If P and Q are orthogonal projections, Koliha in [21, Lemma 2.4] had proved that

$$\begin{aligned} \begin{array}{rcl}\mathcal {R}(P+Q) \hbox { is closed}&{}\Longleftrightarrow &{}\mathcal {R}(P-Q) \hbox { is closed} \Longleftrightarrow \mathcal {R}(P)+\mathcal {R}(Q) \hbox { is closed}\\ &{}\Longleftrightarrow &{}\mathcal {N}(P)+\mathcal {N}(Q) \hbox { is closed}\Longleftrightarrow \mathcal {R}(P(I-Q)) \hbox { is closed}\\ &{}\Longleftrightarrow &{}\mathcal {R}((I-P)Q) \hbox { is closed}.\end{array} \end{aligned}$$

In Theorem 3.1, if \(\mathcal {R}(P-Q)\) is closed, then \(\mathcal {R}(P+Q)\) is closed and, by Lemmas 2.1 and 2.4,

$$\begin{aligned} \mathcal {R}(P+Q)=\mathcal {R}(P)+\mathcal {R}(Q)= & {} \mathcal {N}(P)^\perp +\mathcal {N}(Q)^\perp =\Big [\mathcal {N}(P) \cap \mathcal {N}(Q)\Big ]^\perp \\= & {} \mathcal {N}(P+Q)^\perp . \end{aligned}$$

As for the range and kernel relations of operators \((P-Q)^2\) and \(Q-PQ\), we have the following results.

Theorem 3.2

Let P, Q be two orthogonal projections. Then the following identities hold:

  1. (i)

    \(\mathcal {N}(I-PQ)=\mathcal {N}(I-QP)=\mathcal {R}(P)\bigcap \mathcal {R}(Q)\).

  2. (ii)

    \(\mathcal {N}\Big [(P-Q)^2\Big ]=\Big [\mathcal {R}(P)\cap \mathcal {R}(Q)\Big ]\oplus \Big [\mathcal {N}(P)\cap \mathcal {N}(Q)\Big ]\).

  3. (iii)

    \(\mathcal {N}(Q-PQ)=\mathcal {N}(Q)\oplus \Big [\mathcal {R}(P)\cap \mathcal {R}(Q)\Big ].\)

  4. (iv)

    If \(\mathcal {R}(P-Q)\) is closed, then \(\mathcal {R}(I-PQ)=\mathcal {R}(I-QP),\)

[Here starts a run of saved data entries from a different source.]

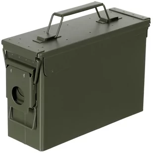 SKRZYNIA AMUNICYJNA M19A1 30mm. Wytrzymała skrzynia transportowa domyślnie stworzona do transportu amunicji. Całość zrobiona z wytrzymałego metalu. Wieko wyposażone w uszczelkę dla zachowania hermetyczności pojemnika. Składana rączka transportowa.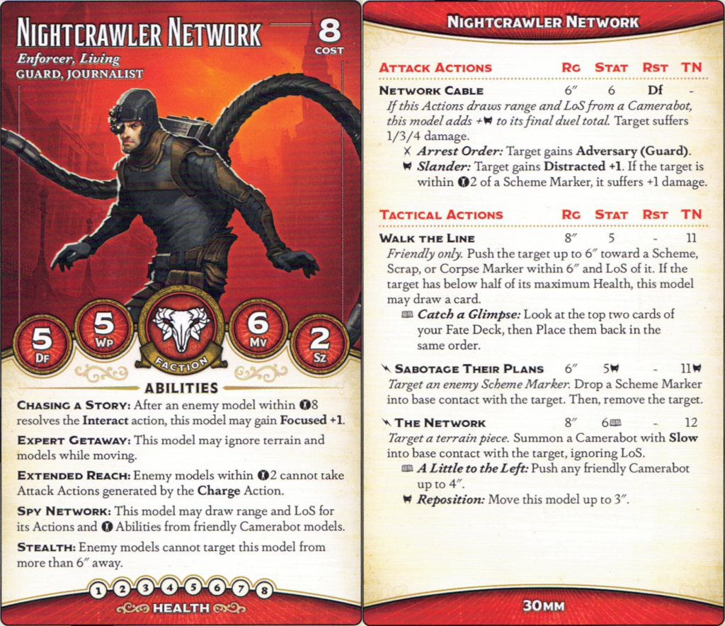 Spy Network is a frankly insane ability. It gives you incredible board coverage, making it super easy to attack wherever you need, and making stacking Focused with Chasing a Story very easy. His actual attack and tactical actions are pretty good, too: Network Cable is unimpressive unless Focused, but as mentioned, getting Focus here is pretty easy if the scheme pool requires Interacts; and the built-in Slander trigger makes it a
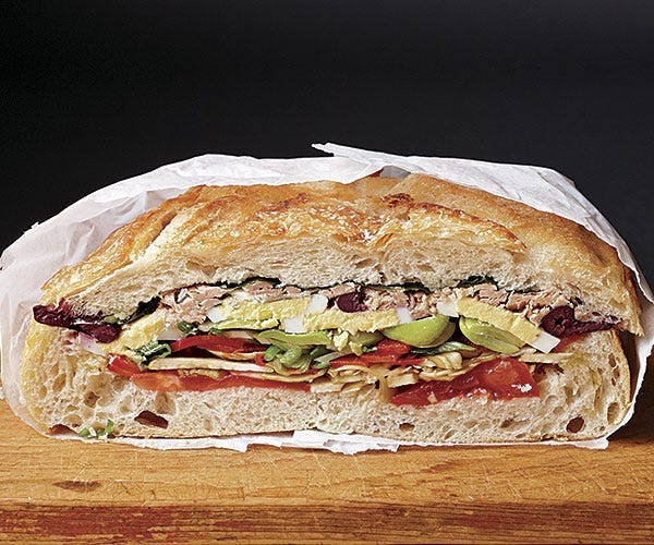 Pan bagnat, niçoise dialect for the French pain baigné or mouillé, bathed or wet bread, is the traditional sandwich version of the salade niçoise, originally a carry-along meal for fishermen or those working in the fields. A round, crusty bread roll is sliced almost but not quite through the center (leaving the two halves attached on one side, a way to catch the filling from falling out). The inside halves of the roll are rubbed with a crushed garlic clove, which is then discarded, and then the bread is “bathed” - drizzled or spooned - with olive oil, allowing the oil to soak into the bread and softening it. Slices of ripe tomato, hard-boiled eggs, thin strips of green or red bell pepper, red or spring onion or radishes are all layered into the roll. Sliced, pitted black olives and a couple of anchovy filets or some sliced or crumbled tuna are then stuffed into the bread on top of the vegetables. More olive oil is then drizzled on. Add some vinegar or the mustardy vinaigrette and a few basil leaves if you like. Then the roll is closed and pressed tightly. The Pan Bagnat is always prepared in advance to allow the ingredients to marinate, the bread to moisten, and the flavors to blend.
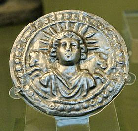 Alto-relevo mostrando a investidura do imperador Sapor II (centro). Na esquerda, o deus Mitra e na direita Áura-Masda. Nota-se que enquanto Mitra ainda ilumina o imperador, Aúra-Masda divide com o monarca um símbolo real, representando o direito divino de governar sendo concedido a Sapor II pelos próprios deuses.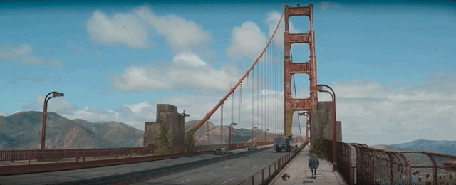 电影最后,杰夫看着金门大桥上满满的人类关于善意与美好的回忆。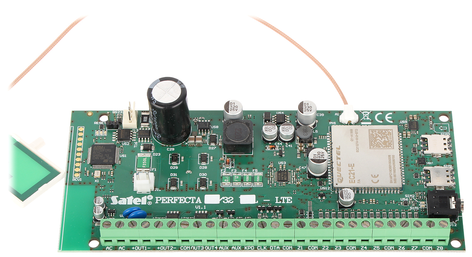 Wbudowany moduł GSM/GPRS daje szerokie możliwości: umożliwia współpracę z aplikacją mobilną, z obsługą wiadomości PUSH, zdalną konfigurację z użyciem programu PERFECTA Soft, monitoring zdarzeń (np. do stacji monitorującej agencji ochrony), powiadamianie głosowe, sterowanie przez SMS oraz weryfikację audio (nasłuch dźwięków z chronionego obiektu)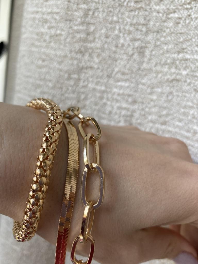Thank you. The bracelet is good, or rather three separate ones: a “snake” - on an elastic band, a flat one and large links - on locks.. Fits wrists up to 23 cm .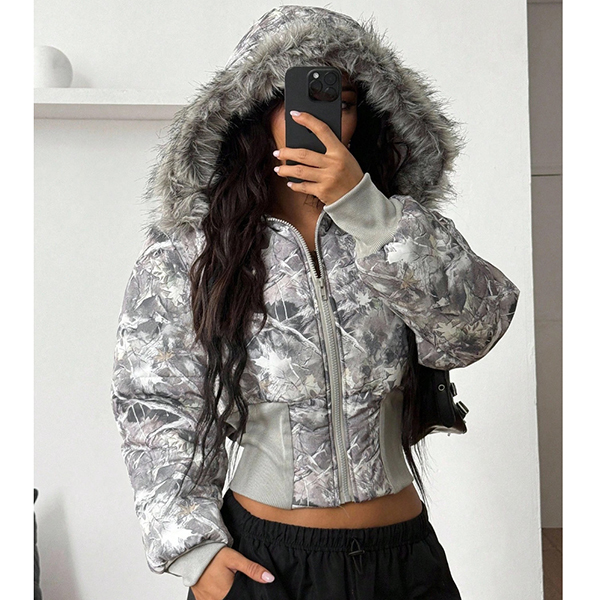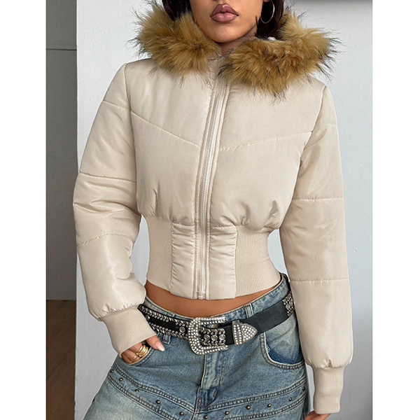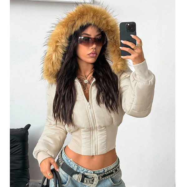 Fashion Artificial Fur Spliced Hooded Long Sleeve Quilted Crop Jacket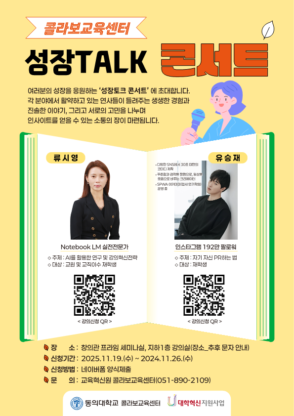 콜라보교육센터에서는 함께 성장 페스티벌의 일환으로 성장TALK콘서트를 진행합니다.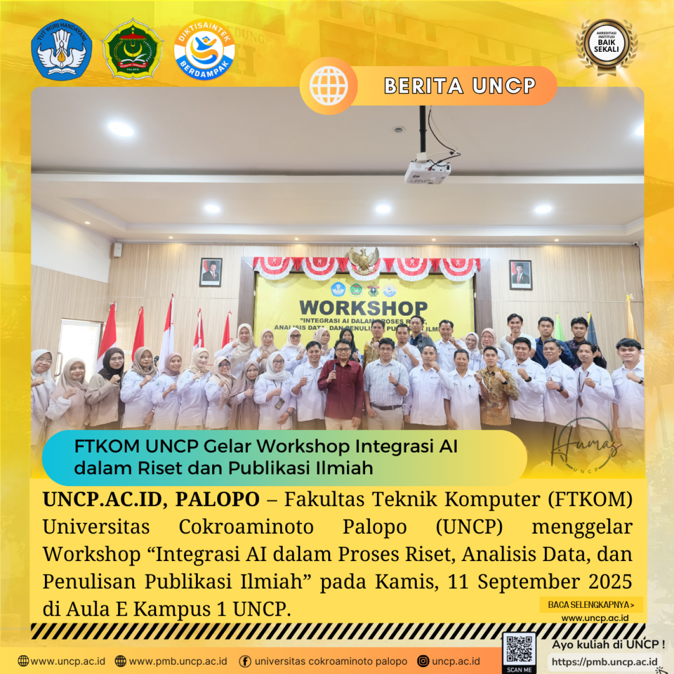 UNCP.AC.ID, PALOPO - Fakultas Teknik Komputer (FTKOM) Universitas Cokroaminoto Palopo (UNCP) menggelar Workshop “Integrasi AI dalam Proses Riset, Analisis Data, dan…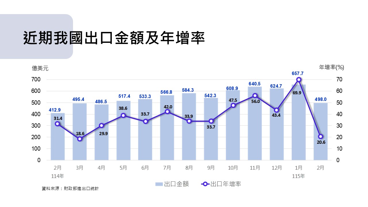 1.出口:2月出口498.0億美元,年增率20.6%。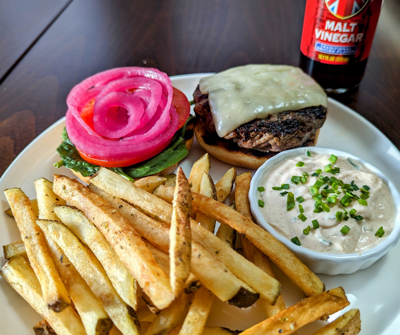 Mix ingredients. Press into patties--roll the edges against the counter to combat the tendency for burgers to ball up on the grill. Grill.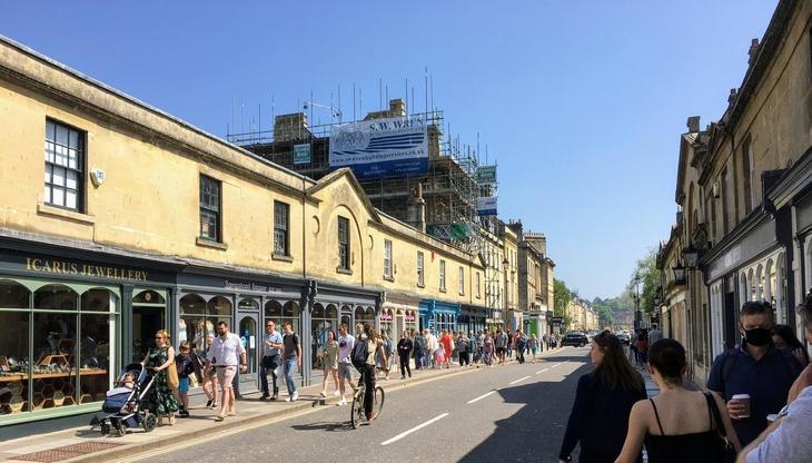 電車のバース・スパ駅を拠点に町散策へ向かったのは、午前11時。聖ジョン・エバンジェリスト教会を右手に正面を眺めた景色は、なんだか普段見ているイギリスと違う雰囲気。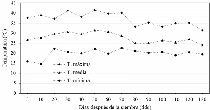 Es importante indicar que en la etapa vegetativa y primera semana de la floración e inicio de cuajado de frutos se registraron las temperaturas más altas (40 a 42 ºC); sin embargo, éstas descendieron en toda la etapa de madurez fisiológica-cosecha, al tener temperaturas máximas de 33 a 35 ºC, medias de 25 a 27 ºC y mínimas de 19 a 21 ºC (Figura 1). Al respecto, Seo-Young y Chan (2019) indican que las temperaturas diurnas óptimas para la floración de las plantas de chile son de 26 - 28 ºC; cuando se presenta una temperatura alta (> 30 °C) no solo reduce el número total de frutos por aborto floral, sino que también provoca la malformación de frutos, por este motivo resulta importante las aplicaciones de silicio con el objetivo de reducir el estrés de las plantas generado por las altas temperaturas.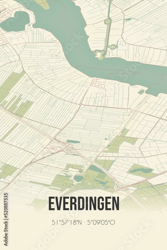 © Rezona, Obraz premium Retro Dutch city map of Everdingen located in Utrecht. Vintage street map.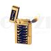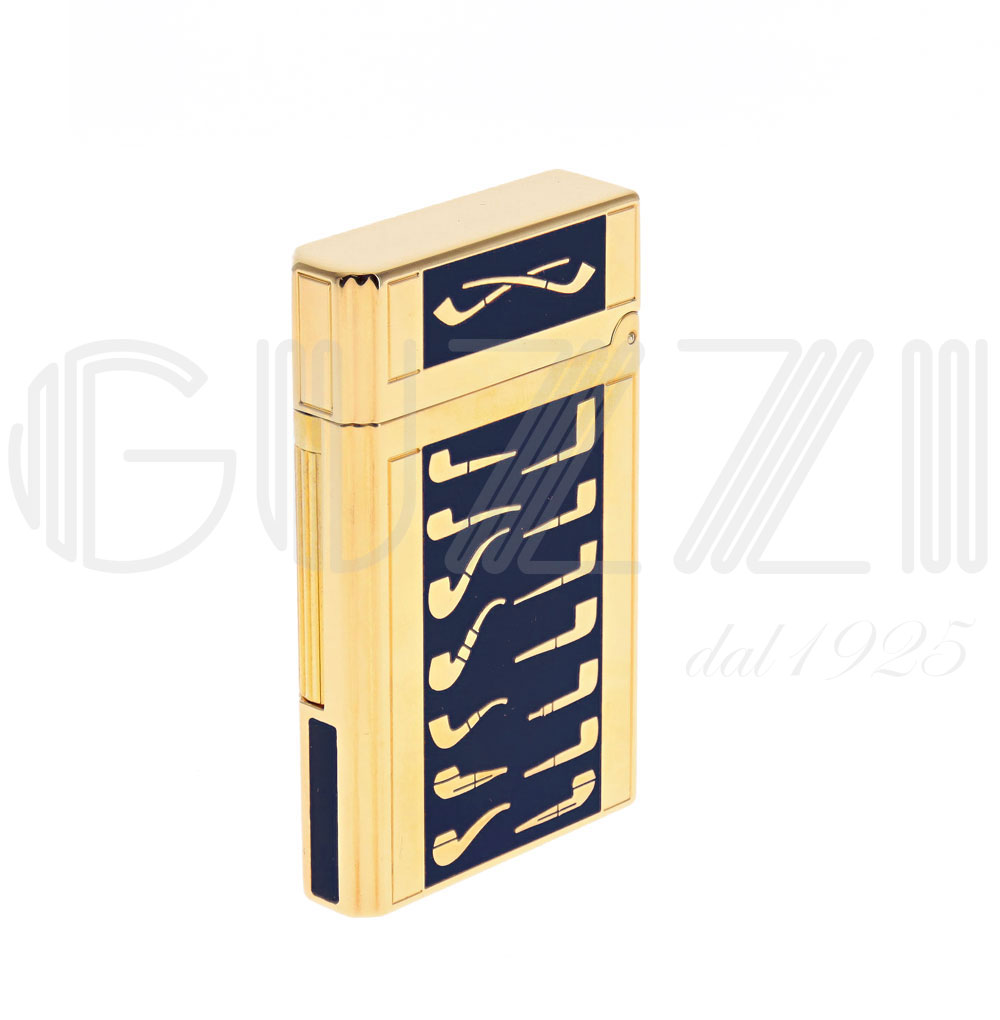 Enameled and gold finish with classic pipe shapes in subtle relief. Pleasant to the touch and stunning to look at. The flint mechanism is perfect for convenience and durability.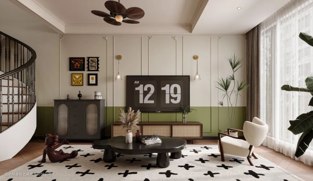 客厅在色彩搭配上,主要选用白色、黑色、棕色为基础配色,硬装大量运用简约几何线条做电视背景墙,绿色刷半墙和绿植营造大自然春意盎然,复古壁灯、斗柜增加复古感,黑色圆形咖啡桌和白色单人沙发椅的搭配,形成了强烈的色彩对比,同时也突出了空间的现代感。墙上的装饰画和地毯上的黑色十字图案,则进一步丰富了空间的色彩层次。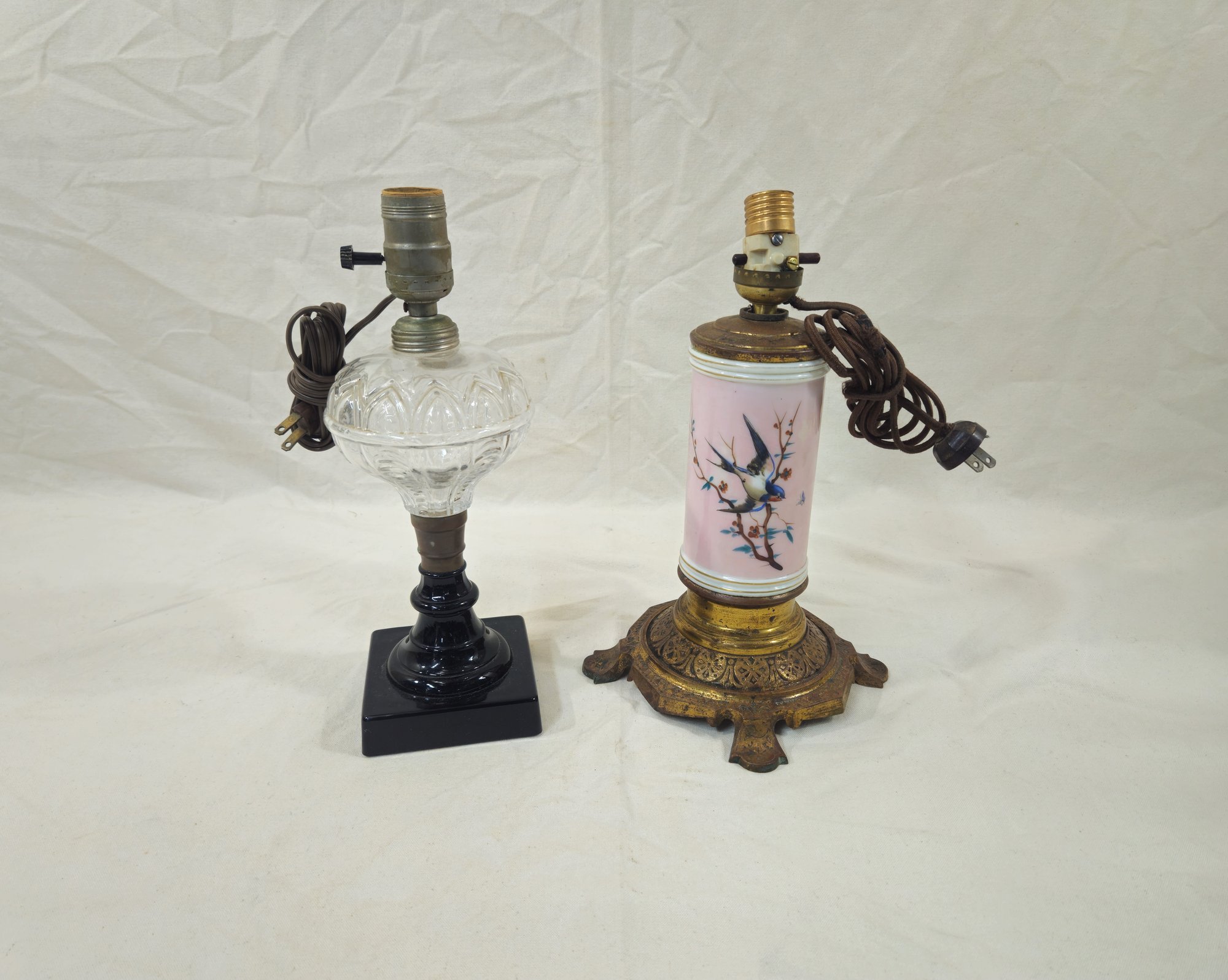 Notes: Antique Victorian Glass Electric Table Lamps are pre-owned showing signs of wear commensurate with age & use. Lamps are untested. Please review pictures.

    $$\begin{aligned} \begin{array}{rcl}\mathcal {R}\Big [(P-Q)^2\Big ] &{}=&{}\mathcal {H}\ominus \Big [\Big (\mathcal {R}(P)\cap \mathcal {R}(Q)\Big )\oplus \Big (\mathcal {N}(P)\cap \mathcal {N}(Q)\Big )\Big ]\\ &{}=&{} \mathcal {R}(P+Q)\ominus \Big [\mathcal {R}(P)\cap \mathcal {R}(Q)\Big ]\\ &{}=&{} \mathcal {R}(P+Q)\cap \mathcal {R}(I-PQ) \end{array} \end{aligned}$$

    and

    $$\begin{aligned} \begin{array}{rcl}\mathcal {R} (Q-QP)&{}=&{}\mathcal {R}(Q)\ominus \Big [\mathcal {R}(P)\cap \mathcal {R}(Q)\Big ]\\ &{}=&{} \mathcal {R}(Q)\cap \mathcal {R} \Big [(P-Q)^2\Big ]\\ &{}=&{} \mathcal {R}(Q)\cap \mathcal {R}(I-PQ).\end{array} \end{aligned}$$

Proof

Note that

$$\begin{aligned} \begin{array}{rcl} Q-PQ&{}=&{}0\oplus 0\oplus I\oplus 0\oplus \left( {\begin{matrix}0&{} \quad 0\\ D^*Q_0^\frac{1}{2}(I-Q_0)^\frac{1}{2}&{} \quad D^*(I-Q_0)D\end{matrix}}\right) ,\\ Q-QP&{}=&{}0\oplus 0\oplus I\oplus 0\oplus \left( {\begin{matrix}0&{} \quad Q_0^\frac{1}{2}(I-Q_0)^\frac{1}{2}D\\ 0&{} \quad D^*(I-Q_0)D\end{matrix}}\right) ,\\ I-PQ&{}=&{}0\oplus I\oplus I\oplus I\oplus \left( {\begin{matrix}I-Q_0 &{} \quad -Q_0^\frac{1}{2}(I-Q_0)^\frac{1}{2}D\\ 0&{} \quad I\end{matrix}}\right) ,\\ I-QP&{}=&{}0\oplus I\oplus I\oplus I\oplus \left( {\begin{matrix}I-Q_0&{} \quad 0\\ -D^*Q_0^\frac{1}{2}(I-Q_0{)^\frac{1}{2}}&{} \quad I\end{matrix}}\right) . \end{array} \end{aligned}$$
(5)

Since \(I-Q_0\) is injective, the results (i)-(ii) follow immediately by (2) and (4).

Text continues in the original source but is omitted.